This extension is used to override the creation of the security expression root to be used when evaluating the security expressions. It uses the CustomMethodSecurityExpressionRoot class where the new expression is defined.

To wrap this method security configuration up, there is one more step and that is providing an additional Spring configuration class which extends GlobalMethodSecurityConfiguration to be able to register the new expression handler with the existing Spring Security infrastructure.

package com.agency04.blog.config;
import com.agency04.blog.expressionhandler.CustomMethodSecurityExpressionHandler;
import org.springframework.context.ApplicationContext;
import org.springframework.context.annotation.Configuration;
import org.springframework.security.access.PermissionEvaluator;
import org.springframework.security.access.expression.DenyAllPermissionEvaluator;
import org.springframework.security.access.expression.method.MethodSecurityExpressionHandler;
import org.springframework.security.config.annotation.method.configuration.EnableGlobalMethodSecurity;
import org.springframework.security.config.annotation.method.configuration.GlobalMethodSecurityConfiguration;
import org.springframework.security.config.annotation.web.configuration.EnableWebSecurity;
@Configuration
@EnableWebSecurity
@EnableGlobalMethodSecurity(prePostEnabled = true, securedEnabled = true)
public class CustomSecurityExpressionsAuthorizationConfig extends GlobalMethodSecurityConfiguration {
    private final ApplicationContext applicationContext;
    public CustomSecurityExpressionsAuthorizationConfig(final ApplicationContext applicationContext) {
        this.applicationContext = applicationContext;
    }
    @Override
    protected MethodSecurityExpressionHandler createExpressionHandler() {
        final PermissionEvaluator permissionEvaluator = new DenyAllPermissionEvaluator();
        final CustomMethodSecurityExpressionHandler expressionHandler = new CustomMethodSecurityExpressionHandler();
        expressionHandler.setPermissionEvaluator(permissionEvaluator);
        expressionHandler.setApplicationContext(applicationContext);
        return expressionHandler;
    }
}

Here, @EnableWebSecurity annotation is used so that there are no conflicting bean definitions with default Spring Security autoconfiguration.

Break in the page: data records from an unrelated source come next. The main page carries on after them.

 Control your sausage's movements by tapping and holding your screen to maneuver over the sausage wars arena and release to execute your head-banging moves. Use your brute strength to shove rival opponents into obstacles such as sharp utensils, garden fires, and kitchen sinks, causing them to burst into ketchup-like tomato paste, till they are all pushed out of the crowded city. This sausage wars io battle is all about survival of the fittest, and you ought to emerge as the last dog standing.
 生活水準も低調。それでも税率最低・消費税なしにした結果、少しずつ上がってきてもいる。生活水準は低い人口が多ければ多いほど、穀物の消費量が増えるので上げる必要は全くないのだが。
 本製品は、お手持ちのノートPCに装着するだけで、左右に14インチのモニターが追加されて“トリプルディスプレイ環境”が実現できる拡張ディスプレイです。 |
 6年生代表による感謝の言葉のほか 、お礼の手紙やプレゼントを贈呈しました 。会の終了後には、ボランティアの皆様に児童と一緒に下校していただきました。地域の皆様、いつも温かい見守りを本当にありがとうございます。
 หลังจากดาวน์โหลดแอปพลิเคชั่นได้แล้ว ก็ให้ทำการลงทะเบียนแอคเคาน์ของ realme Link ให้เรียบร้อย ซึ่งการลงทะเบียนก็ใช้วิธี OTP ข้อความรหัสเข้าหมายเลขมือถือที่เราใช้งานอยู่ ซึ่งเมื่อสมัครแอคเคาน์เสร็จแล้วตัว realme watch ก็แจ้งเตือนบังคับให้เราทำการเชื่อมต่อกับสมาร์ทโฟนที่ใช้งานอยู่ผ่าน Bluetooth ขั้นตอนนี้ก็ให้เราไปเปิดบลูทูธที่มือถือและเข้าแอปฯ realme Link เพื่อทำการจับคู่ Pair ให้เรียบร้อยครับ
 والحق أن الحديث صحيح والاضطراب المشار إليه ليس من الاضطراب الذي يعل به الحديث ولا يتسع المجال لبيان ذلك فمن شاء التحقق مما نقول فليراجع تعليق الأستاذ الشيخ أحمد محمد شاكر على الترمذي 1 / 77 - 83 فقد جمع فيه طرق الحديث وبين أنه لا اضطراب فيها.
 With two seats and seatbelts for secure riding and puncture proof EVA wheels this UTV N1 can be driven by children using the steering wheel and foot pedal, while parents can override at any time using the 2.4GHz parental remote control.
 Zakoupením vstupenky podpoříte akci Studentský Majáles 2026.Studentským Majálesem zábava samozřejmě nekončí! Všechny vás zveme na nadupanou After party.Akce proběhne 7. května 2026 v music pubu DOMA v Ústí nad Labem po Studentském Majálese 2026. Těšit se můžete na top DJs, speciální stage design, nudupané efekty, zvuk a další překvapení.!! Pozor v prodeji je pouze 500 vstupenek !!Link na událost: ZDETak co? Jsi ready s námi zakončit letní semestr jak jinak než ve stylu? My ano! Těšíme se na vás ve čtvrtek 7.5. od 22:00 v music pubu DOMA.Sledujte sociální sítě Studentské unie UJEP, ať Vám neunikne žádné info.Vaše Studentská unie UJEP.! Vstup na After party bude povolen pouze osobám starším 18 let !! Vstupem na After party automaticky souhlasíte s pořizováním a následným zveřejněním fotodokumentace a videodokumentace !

We also instantiated permissionEvaluator as DenyAllPermissionEvaluator which is also the default implementation used in standard Spring Security configuration.

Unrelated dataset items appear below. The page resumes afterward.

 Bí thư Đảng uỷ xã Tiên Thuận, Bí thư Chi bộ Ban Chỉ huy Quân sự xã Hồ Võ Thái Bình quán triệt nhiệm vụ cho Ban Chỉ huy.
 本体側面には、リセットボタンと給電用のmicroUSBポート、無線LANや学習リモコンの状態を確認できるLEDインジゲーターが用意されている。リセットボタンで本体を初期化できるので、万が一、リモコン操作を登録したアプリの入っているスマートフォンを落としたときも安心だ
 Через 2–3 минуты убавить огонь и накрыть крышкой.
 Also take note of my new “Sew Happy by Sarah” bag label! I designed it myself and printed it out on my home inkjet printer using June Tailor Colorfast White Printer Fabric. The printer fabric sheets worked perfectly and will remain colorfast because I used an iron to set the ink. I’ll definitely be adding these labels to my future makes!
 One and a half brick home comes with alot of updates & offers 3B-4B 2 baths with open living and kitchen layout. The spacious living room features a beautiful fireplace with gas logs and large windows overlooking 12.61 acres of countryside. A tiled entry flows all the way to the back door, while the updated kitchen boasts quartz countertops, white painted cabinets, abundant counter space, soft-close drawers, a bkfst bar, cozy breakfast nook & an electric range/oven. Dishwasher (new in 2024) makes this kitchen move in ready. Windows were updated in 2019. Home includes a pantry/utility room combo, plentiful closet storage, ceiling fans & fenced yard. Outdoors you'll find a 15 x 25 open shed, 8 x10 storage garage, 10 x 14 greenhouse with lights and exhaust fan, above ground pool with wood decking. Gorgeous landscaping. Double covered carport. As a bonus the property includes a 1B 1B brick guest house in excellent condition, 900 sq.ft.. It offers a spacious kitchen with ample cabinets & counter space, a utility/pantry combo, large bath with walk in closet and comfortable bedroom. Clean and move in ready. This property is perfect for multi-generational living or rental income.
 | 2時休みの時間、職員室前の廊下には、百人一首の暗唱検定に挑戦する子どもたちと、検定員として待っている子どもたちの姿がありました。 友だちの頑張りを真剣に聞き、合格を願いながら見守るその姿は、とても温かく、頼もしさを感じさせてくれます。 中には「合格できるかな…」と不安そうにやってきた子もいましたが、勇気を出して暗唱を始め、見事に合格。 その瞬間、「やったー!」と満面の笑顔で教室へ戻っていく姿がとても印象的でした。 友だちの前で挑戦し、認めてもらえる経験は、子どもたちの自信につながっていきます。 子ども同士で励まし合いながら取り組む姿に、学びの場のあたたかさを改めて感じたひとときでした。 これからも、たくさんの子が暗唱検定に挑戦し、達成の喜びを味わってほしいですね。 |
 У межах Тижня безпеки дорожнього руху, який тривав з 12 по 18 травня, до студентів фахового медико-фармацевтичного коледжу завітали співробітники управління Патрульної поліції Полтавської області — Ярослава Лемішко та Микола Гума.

Now it is time to include and test one additional method in the endpoints controller which will be using the new security expression.

@GetMapping("/basic-username-allowed-resource")
@PreAuthorize("isUsernameEqualToBasic()")
public String getBasicUsernameResource() {
    return "Only user that is authenticated and has username equal to 'basic' can see this";
}

If you have tried it out, it should be working now and allowing access for the basic user and not for the admin user because it strictly expects the username to match the value “basic”.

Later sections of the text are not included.